Читать книгу "Пистолет - Елена Крюкова"
Шрифт:
Интервал:
Закладка:
Осень, и дождь, и у Оськи прохудились осенние башмаки, а зимних вообще нет. Были, конечно; но износились.
Все изнашивается; все умирает. Башмаки вот умирают. А Ося – молодой. Молоденький. А мы с отцом уже что, старые? Оська нам говорит: не-е-е-е, вы, ребята, молодые! Это вранье. Мы уже знаем, где у нас суставы, а где позвонки. Особенно по ночам. По таким вот непроглядным, дождливым ночам.

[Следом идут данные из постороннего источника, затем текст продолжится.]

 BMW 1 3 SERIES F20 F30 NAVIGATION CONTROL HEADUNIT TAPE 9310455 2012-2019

Уборка – святое дело. Я набрала полное ведро холодной воды, у нас горячей в мастерской нет, бухнула туда тряпку и стала бодро мыть полы.

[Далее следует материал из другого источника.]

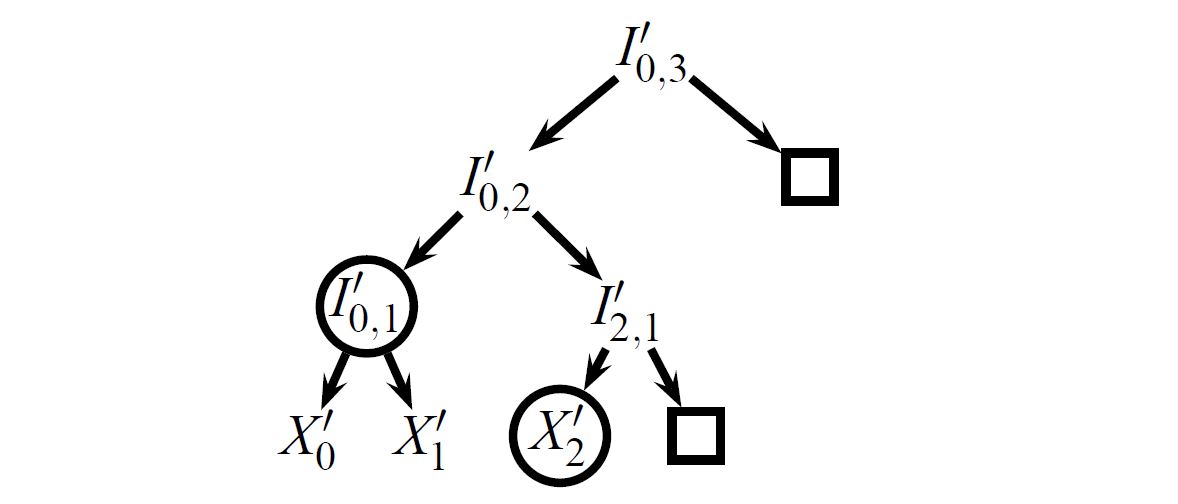 同様に、Figure 3 に示す \(P\) からノード \(X_3\) と \(X_4\) が \(\square\) であると仮定し、以前と同様に内部ノードのハッシュをルートまで再計算することによって、バージョン 2 のコミットメント \(C_2\) を再構築できる。\(C'_2 = C_2\) であれば、Figure 1 と Figure 3 で丸で囲まれた、剪定ツリー \(P\) と \(C'_2\) によってコミットされた暗黙のツリーに対応するノードは一致しなければならない、つまり \(I'_{0,1} = I_{0,1}\) かつ \(X'_2 = X_2\) となる。

Мою и думаю: все половицы заляпаны масляной краской.
И жизнь моя, жизнь моя заляпана, сверху донизу и справа налево, масляной краской!
А портрета моего, в полный рост, муж так и не написал.
Хотя когда-то, давно, он писал меня обнаженной. Две больших пастели сделал, 60×80. И одну потом записал. Она ему не понравилась. И я плакала и кричала: ее не вернуть! А одну – оставил.
Я там лежу голая, крутобедрая, слегка улыбаюсь, и рука течет по животу плавно и певуче, как река. Короче, Даная или там Венера перед зеркалом, только зеркала нет.
Зеркало есть, вру. Оно у нас не висит на стене, как у всех людей, а просто прислонено к полке с журналами “Художник”. На полу стоит. Кошки бегают и в нем отражаются. Я приседаю, если надо в него поглядеться перед выходом в люди.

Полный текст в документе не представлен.